The weakness in the propensity for European firms to hire permanent staff appears to be worsening. UK-headquartered international recruitment group SThree saw gross profit from its permanent recruitment activates slide 15% to £43.m in H1 (to 26th May), implying an even steeper decline in Q2 than in Q1 (see SThree makes the best of a tough Q1). It also seems contractor hire was not so buoyant, with GP only 3% higher at £50.6m, compared to a 6% rise in Q1.
Net net, group GP fell by 6%, twice the rate in Q1 alone. SThree's UK & Ireland business was not as hard hard hit as the Continent, with permanent recruitment GP down 24% compared to -27% in Benelux and a whopping 41% decline in France.
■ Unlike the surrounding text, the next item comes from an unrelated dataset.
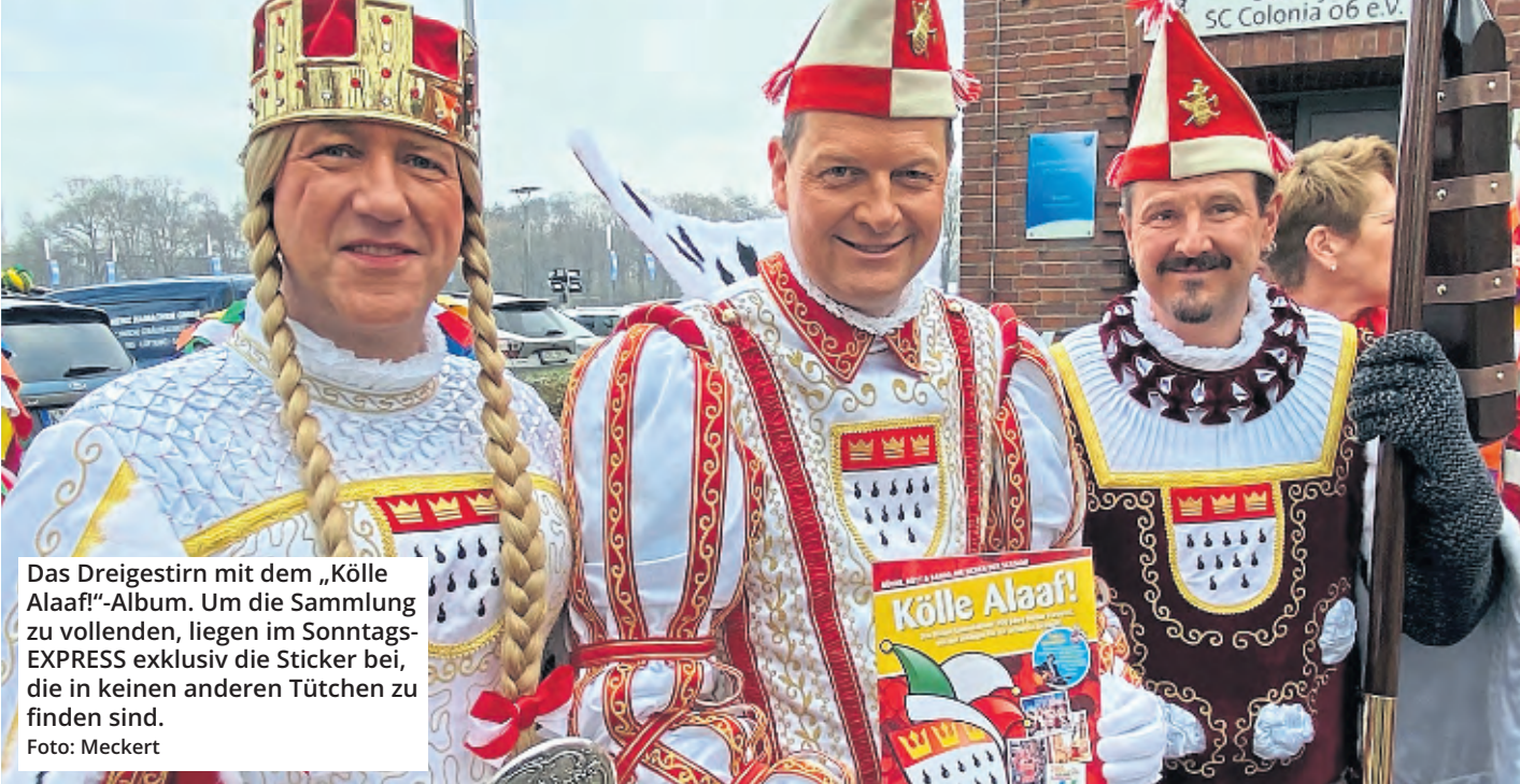
Das Dreigestirn mit dem „Kölle Alaaf!“-Album. Um die Sammlung zu vollenden, liegen im Sonntags-EXPRESS exklusiv die Sticker bei, die in keinen anderen Tütchen zu finden sind.

In contrast, rival recruitment giant, Adecco, reported a 'bottoming out' in Europe (see here).
In an 'interesting;' change of strategy, CEO Gary Elden said that SThree will now "prioritise lifetime contract value over upfront margin" in larger blue-chip clients. SThree has traditionally shied away from margin-draining 'preferred supplier agreements' in favour of canny pricing in 'spot' markets. Elden's pronouncement seems to signal they are now going for headline growth over margin, on the basis that this will drive absolute profit higher. The theory is well understood; the practice does not always match the theory.
Nonetheless, SThree has proven itself to be very resilient in previous downturns, though this is the first that Elden has had to face as CEO.